The private health system
You may choose to have private health insurance, to help pay for private health care and/or to meet the remaining costs of any service that is only partly publicly funded. This would allow you, for example, to bypass waiting times in the public health system for treatment of non-urgent conditions.
A number of insurance companies offer health insurance policies ranging from basic care to comprehensive cover. Policy premiums vary considerably. The Everybody website has information about health insurance. Even if you do have private health insurance, you are still entitled to free public health services which cover all accidents and emergency care. You’ll find a list of health insurance companies in the Yellow Pages under ‘Insurance – Medical’
Free Health Advice - Healthline
For free health advice and reference to local health services, phone Healthline free on 0800 611 116, anytime.
There is a list of general practitioners (family doctors), specialists, After Hours and other Medical Centres in the front section of the White Pages under ‘Registered Medical Practitioners & Medical Centres’.

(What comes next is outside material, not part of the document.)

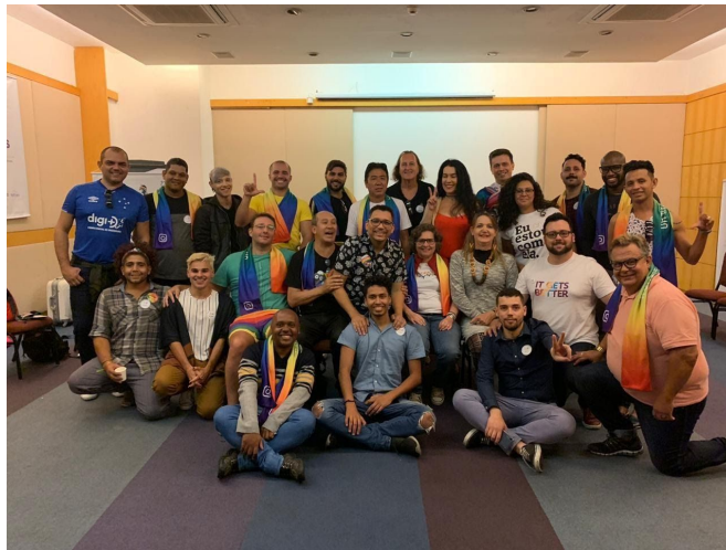
(participants at the Seminar)

On June 22 nd , during the São Paulo LGBTI+ Pride celebrations, Aliança held a Seminar with leaders of the LGBTI+ movement from all over Brazil to discuss strategic alignment and to celebrate and remember the 50 th anniversary of the Stonewall Rebellion in 1969 which gave rise to the current LGBTI+ rights movement.

Public and Private Hospitals, Residential Care Centres, After Hours Pharmacists, Registered Nurses and Midwives and Specialist Clinics are listed in the front of the White Pages under ‘Hospitals & other health service providers’.
Physiotherapists, Dentists, Chiropractors, Osteopaths, Opticians, Pharmacists and Natural Therapists are listed in the Yellow Pages.
www.healthed.govt.nz – offers easy access to brochures on health information such as immunisation. These brochures are also available in Amharic, Arabic, Burmese, Cambodian-Khmer, Chinese Simplified, Chinese Traditional, Cook Islands Maori, Fijian, Gujarati, Hindi, Japanese, Kiribati (Gilbertese), Korean, Niuean, Persian (Farsi), Punjabi, Pushto Afghani, Samoan, Somali, Thai, Tokelauan, Tongan, Tuvaluan and Vietnamese
www.health.govt.nz – the Ministry of Health website offers information about all areas of the public health system. It includes links to District Health Board websites where you can find out more the services available in your area.
www.workandincome.govt.nz – the Work and Income site offers information about all benefits and allowances, including the Residential Care Subsidy and the Disability Allowance.